▶ _Prompt_: Going line by line through the records below, write out everything starting with the line containing "BUYER FAILED TO" and going on through the line containing "在现代战舰中,052d又被称", exactly and inclusively. Pictures do not go in.

▶ _Information supplied_:
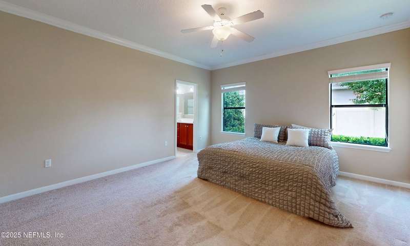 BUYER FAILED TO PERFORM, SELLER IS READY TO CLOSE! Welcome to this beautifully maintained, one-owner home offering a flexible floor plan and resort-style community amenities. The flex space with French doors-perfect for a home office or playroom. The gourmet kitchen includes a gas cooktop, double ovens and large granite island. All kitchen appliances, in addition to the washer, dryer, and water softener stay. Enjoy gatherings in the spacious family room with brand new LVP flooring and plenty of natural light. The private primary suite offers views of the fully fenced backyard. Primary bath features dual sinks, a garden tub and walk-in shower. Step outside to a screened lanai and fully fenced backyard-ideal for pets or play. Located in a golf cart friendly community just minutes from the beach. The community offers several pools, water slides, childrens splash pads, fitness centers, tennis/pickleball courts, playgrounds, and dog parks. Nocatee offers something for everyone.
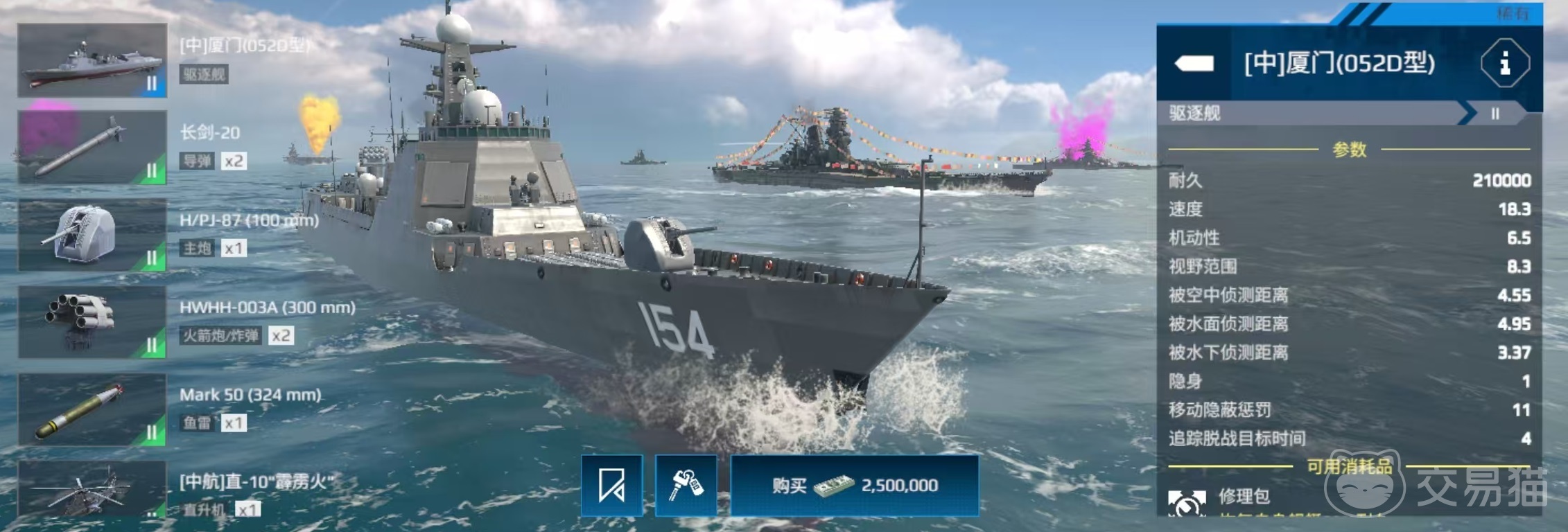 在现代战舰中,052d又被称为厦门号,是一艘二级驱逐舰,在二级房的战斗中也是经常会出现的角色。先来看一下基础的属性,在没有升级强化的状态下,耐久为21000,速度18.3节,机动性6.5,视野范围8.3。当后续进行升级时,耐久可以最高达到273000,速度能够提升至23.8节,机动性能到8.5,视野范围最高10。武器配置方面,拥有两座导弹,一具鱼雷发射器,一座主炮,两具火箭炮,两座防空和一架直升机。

--

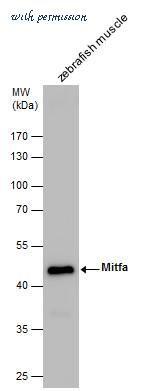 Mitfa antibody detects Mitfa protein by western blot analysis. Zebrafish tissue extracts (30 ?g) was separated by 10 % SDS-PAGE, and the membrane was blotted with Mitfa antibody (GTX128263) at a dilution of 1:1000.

▶ _Exercise output_:
 BUYER FAILED TO PERFORM, SELLER IS READY TO CLOSE! Welcome to this beautifully maintained, one-owner home offering a flexible floor plan and resort-style community amenities. The flex space with French doors-perfect for a home office or playroom. The gourmet kitchen includes a gas cooktop, double ovens and large granite island. All kitchen appliances, in addition to the washer, dryer, and water softener stay. Enjoy gatherings in the spacious family room with brand new LVP flooring and plenty of natural light. The private primary suite offers views of the fully fenced backyard. Primary bath features dual sinks, a garden tub and walk-in shower. Step outside to a screened lanai and fully fenced backyard-ideal for pets or play. Located in a golf cart friendly community just minutes from the beach. The community offers several pools, water slides, childrens splash pads, fitness centers, tennis/pickleball courts, playgrounds, and dog parks. Nocatee offers something for everyone.
 在现代战舰中,052d又被称为厦门号,是一艘二级驱逐舰,在二级房的战斗中也是经常会出现的角色。先来看一下基础的属性,在没有升级强化的状态下,耐久为21000,速度18.3节,机动性6.5,视野范围8.3。当后续进行升级时,耐久可以最高达到273000,速度能够提升至23.8节,机动性能到8.5,视野范围最高10。武器配置方面,拥有两座导弹,一具鱼雷发射器,一座主炮,两具火箭炮,两座防空和一架直升机。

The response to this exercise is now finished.